**Exercise brief**
From the first line of the records below through the line with "Calls for Nominations: sent on 18 Sept. 2019.", output each line exactly; skip the pictures.

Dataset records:
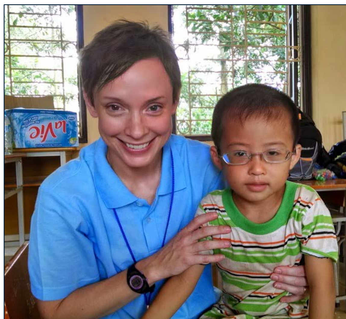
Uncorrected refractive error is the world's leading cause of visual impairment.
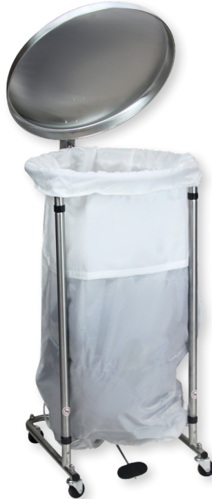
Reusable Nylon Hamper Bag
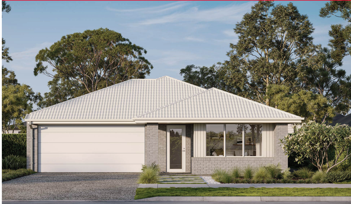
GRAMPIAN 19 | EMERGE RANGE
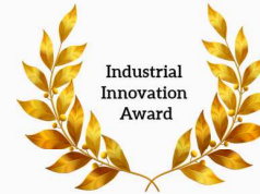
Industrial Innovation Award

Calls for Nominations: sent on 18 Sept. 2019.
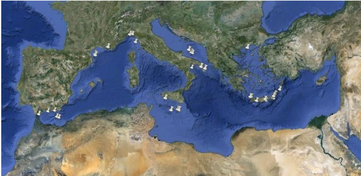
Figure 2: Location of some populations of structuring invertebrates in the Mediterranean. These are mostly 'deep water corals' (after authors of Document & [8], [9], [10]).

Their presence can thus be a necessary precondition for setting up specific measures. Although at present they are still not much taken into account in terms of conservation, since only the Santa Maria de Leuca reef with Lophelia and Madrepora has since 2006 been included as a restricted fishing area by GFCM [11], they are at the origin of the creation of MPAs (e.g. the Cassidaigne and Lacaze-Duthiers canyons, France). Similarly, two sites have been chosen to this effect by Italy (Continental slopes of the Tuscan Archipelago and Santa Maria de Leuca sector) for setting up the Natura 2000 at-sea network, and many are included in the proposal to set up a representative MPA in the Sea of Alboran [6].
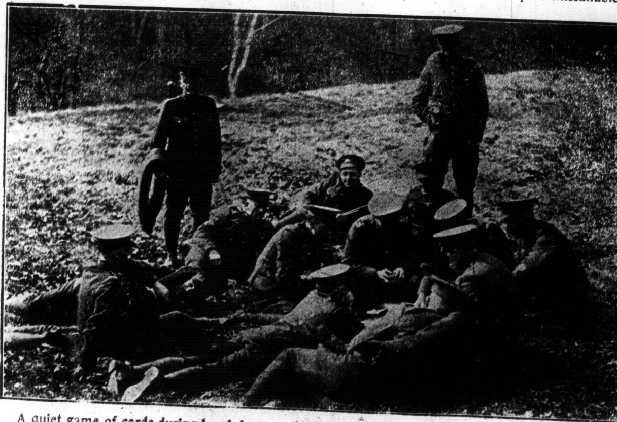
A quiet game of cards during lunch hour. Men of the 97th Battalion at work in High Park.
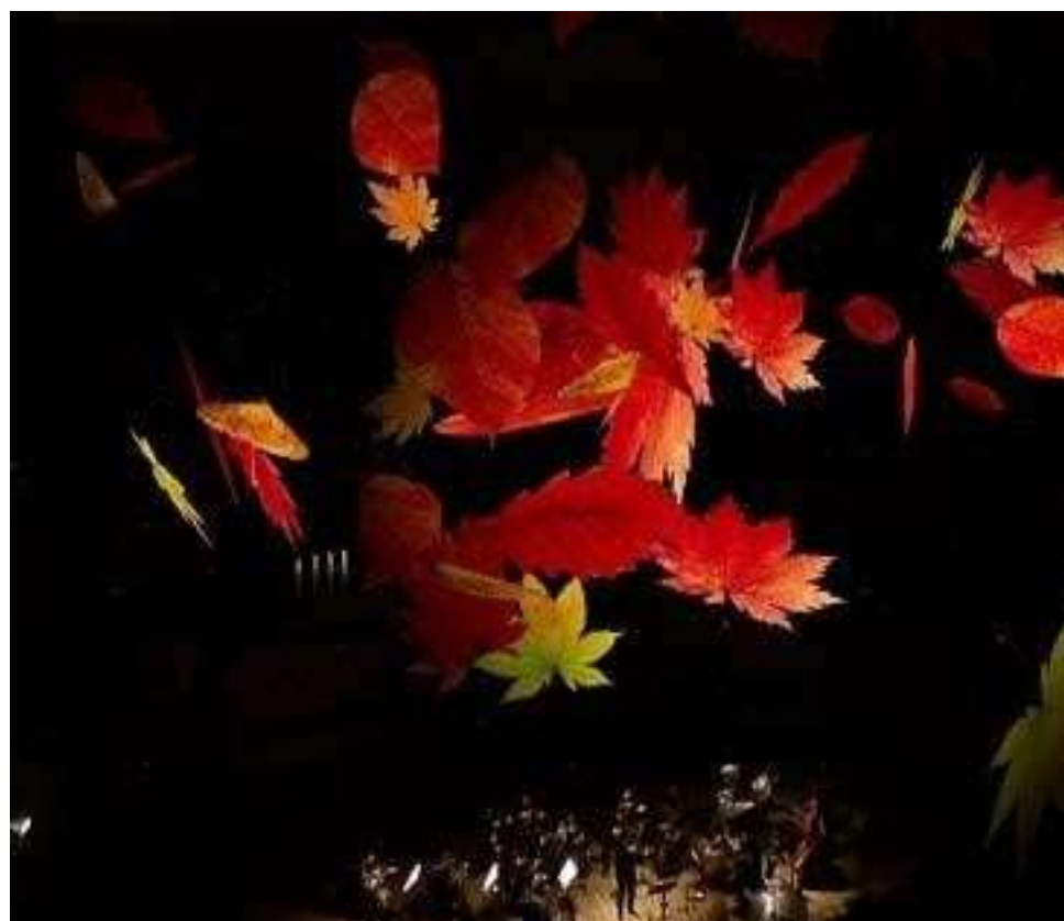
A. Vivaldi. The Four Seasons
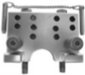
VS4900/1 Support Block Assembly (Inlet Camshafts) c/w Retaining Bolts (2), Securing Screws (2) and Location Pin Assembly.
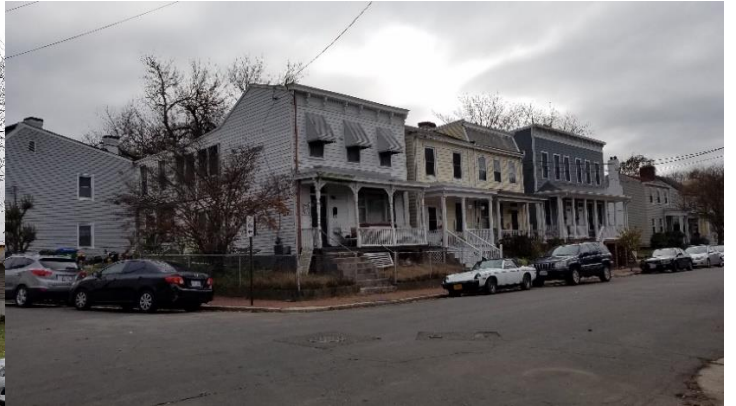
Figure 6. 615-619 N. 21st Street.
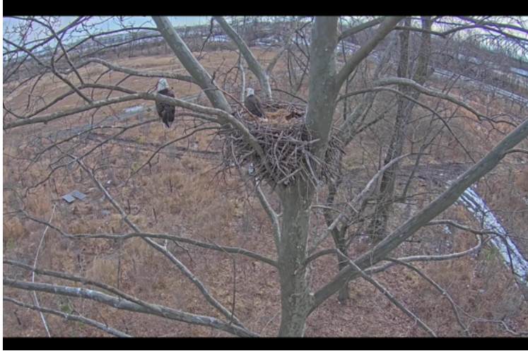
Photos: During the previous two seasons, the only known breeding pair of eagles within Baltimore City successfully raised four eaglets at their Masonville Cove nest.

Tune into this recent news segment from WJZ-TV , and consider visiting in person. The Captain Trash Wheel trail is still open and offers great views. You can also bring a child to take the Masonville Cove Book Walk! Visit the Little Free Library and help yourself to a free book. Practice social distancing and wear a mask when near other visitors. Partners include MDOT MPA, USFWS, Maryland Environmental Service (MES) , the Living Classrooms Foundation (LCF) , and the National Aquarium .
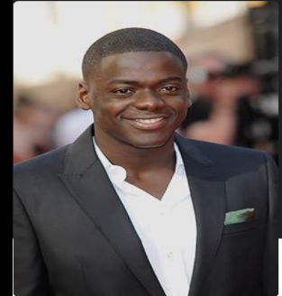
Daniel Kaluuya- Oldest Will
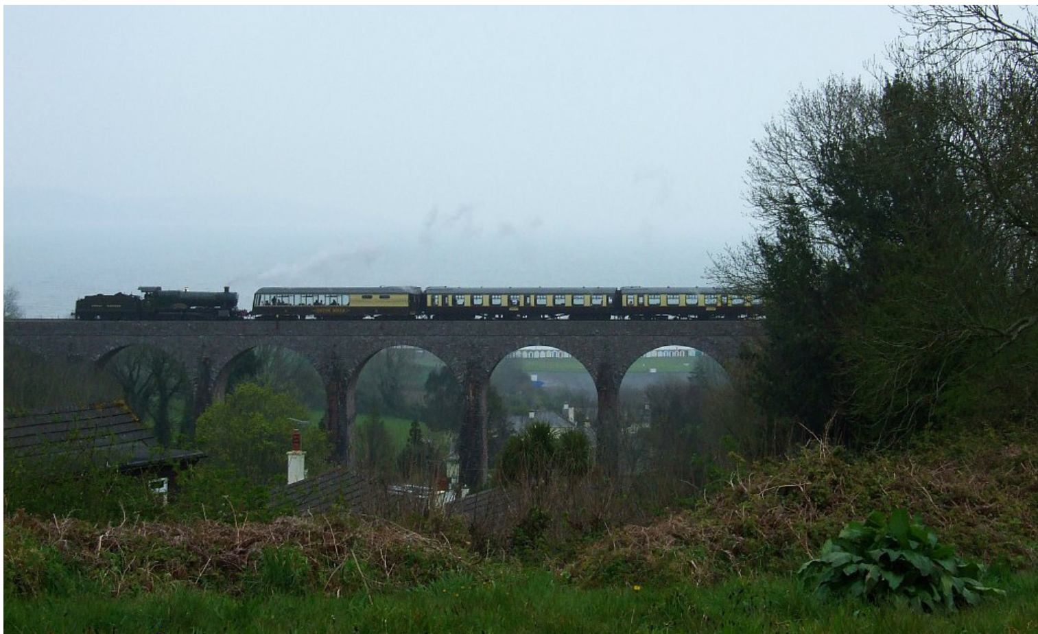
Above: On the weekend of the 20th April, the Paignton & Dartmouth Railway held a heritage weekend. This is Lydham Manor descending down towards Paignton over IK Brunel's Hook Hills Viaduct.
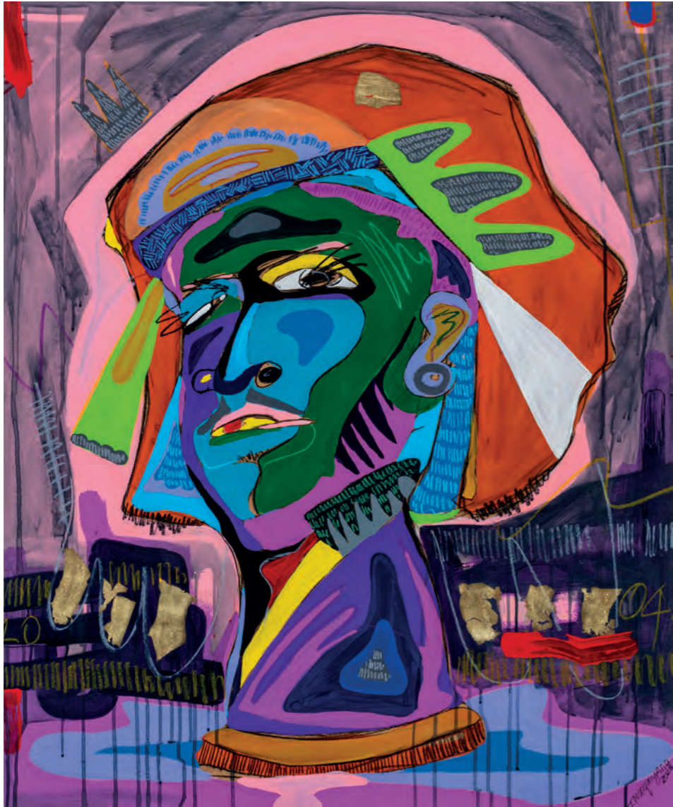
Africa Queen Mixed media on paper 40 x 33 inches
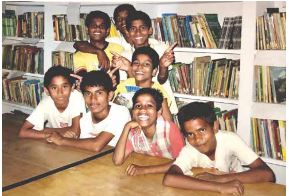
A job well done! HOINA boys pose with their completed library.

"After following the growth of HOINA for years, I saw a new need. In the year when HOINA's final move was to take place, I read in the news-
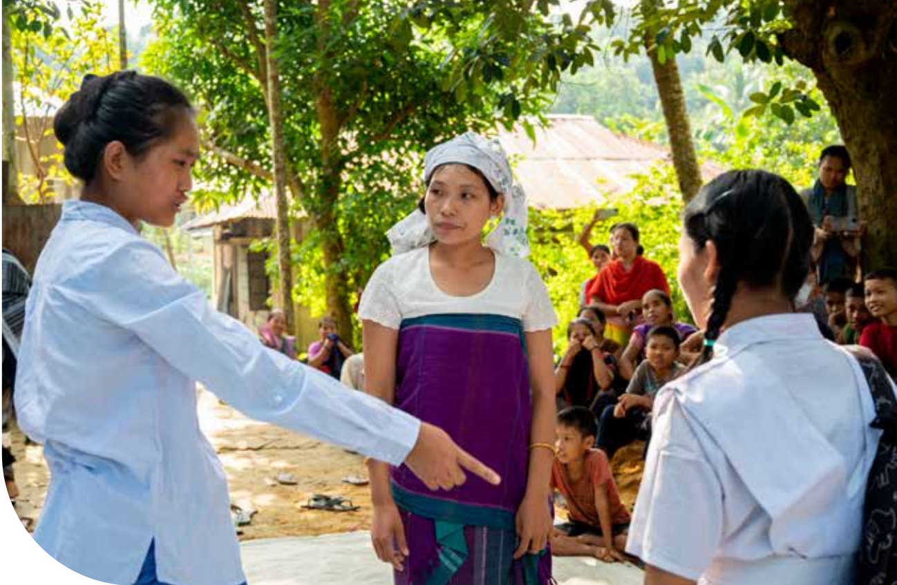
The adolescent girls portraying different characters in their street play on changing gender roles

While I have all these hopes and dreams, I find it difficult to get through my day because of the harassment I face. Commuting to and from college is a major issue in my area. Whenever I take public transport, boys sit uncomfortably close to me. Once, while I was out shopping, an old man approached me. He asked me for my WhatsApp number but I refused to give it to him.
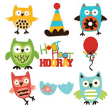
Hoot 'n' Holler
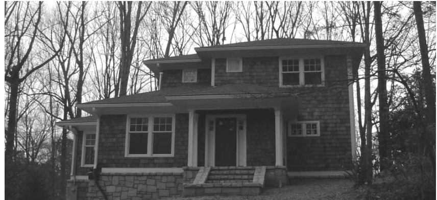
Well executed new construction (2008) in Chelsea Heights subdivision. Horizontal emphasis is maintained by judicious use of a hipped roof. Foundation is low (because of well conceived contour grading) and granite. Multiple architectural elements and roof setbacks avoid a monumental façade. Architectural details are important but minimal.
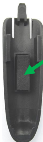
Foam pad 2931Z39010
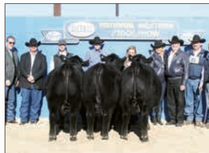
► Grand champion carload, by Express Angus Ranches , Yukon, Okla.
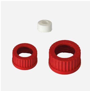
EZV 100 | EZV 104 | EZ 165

**Exercise answer**
Uncorrected refractive error is the world's leading cause of visual impairment.
Reusable Nylon Hamper Bag
GRAMPIAN 19 | EMERGE RANGE
Industrial Innovation Award

Calls for Nominations: sent on 18 Sept. 2019.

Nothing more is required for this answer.